|
|
Archives of the TeradataForum
Message Posted: Mon, 29 Nov 2010 @ 21:17:01 GMT
Subj: | | Re: Sampled statistics in a production environment |
|
From: | | Ballinger, Carrie |
JK, you asked:
| On TD13.00, is there a 'guide-line' for stats on more non-unique columns like there was prior to 13 for mostly unique columns - i.e. 90-
95%? For example, it's good to consider when data is at least x% unique - a lower level? We're on TD13.00 and would like to investigate/try
out. | |
I don't believe there are any guidelines. The bottom line is: are you getting good query plans? You may be able to get the same plans you are
getting now with full stats by collecting with USING SAMPLE at some lower percent. What that percent will need to be is trial and error, or an
educated guess. My suggestion is try USING SAMPLE then look at the HELP STATS output and compare the number of distinct values against what you
saw in the HELP STATS with full statistics collected. See how close you are and see how the plans look.

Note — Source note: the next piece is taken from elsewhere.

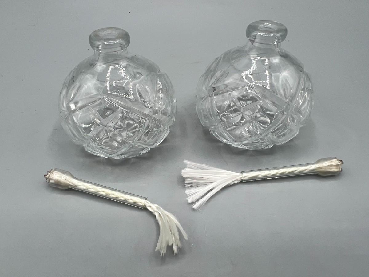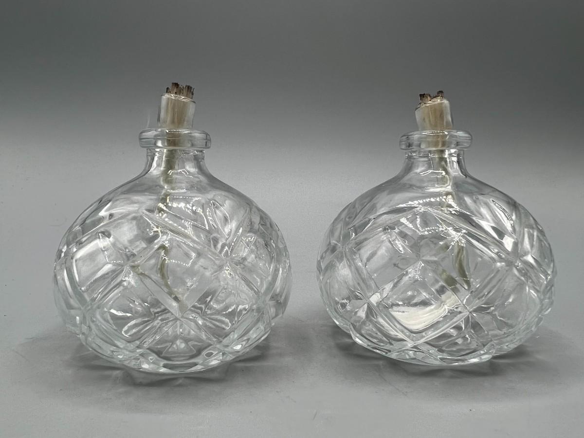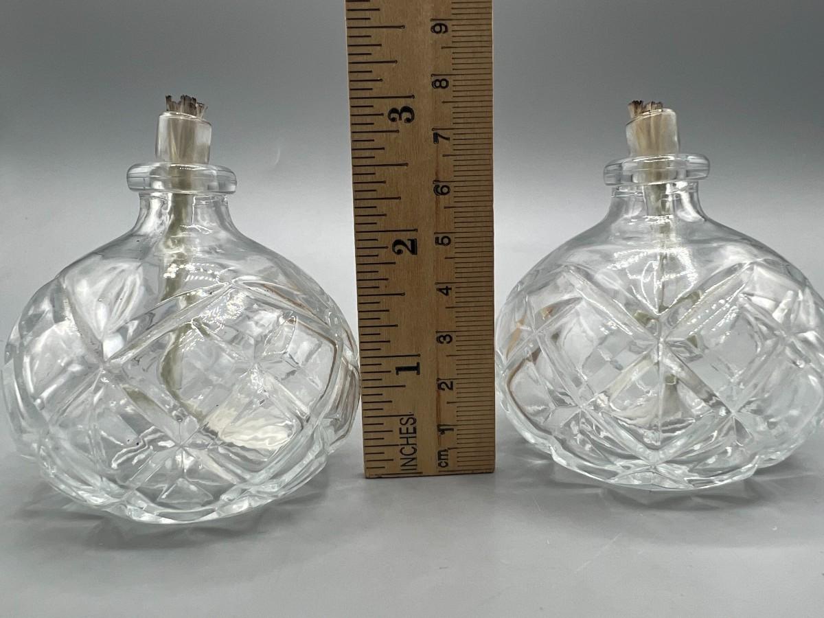 Small Cut Crystal Glass Oil Lamps Burners. Good condition. About 3" size.

I don't believe that the percent unique is a factor in T 13.0 USING SAMPLE, at least in my experience. If the values of your statistic are
relatively evenly distributed, you should do well with USING SAMPLE whether they are almost unique or very non-unique. What you need to be
careful about is if there is a lot of skew on the values of the statistic. I haven't done enough investigation to be able to tell you what degree
of skew is tolerable, but that is where I expect USING SAMPLE in T 13 to be less useful.
Thanks, -Carrie
| |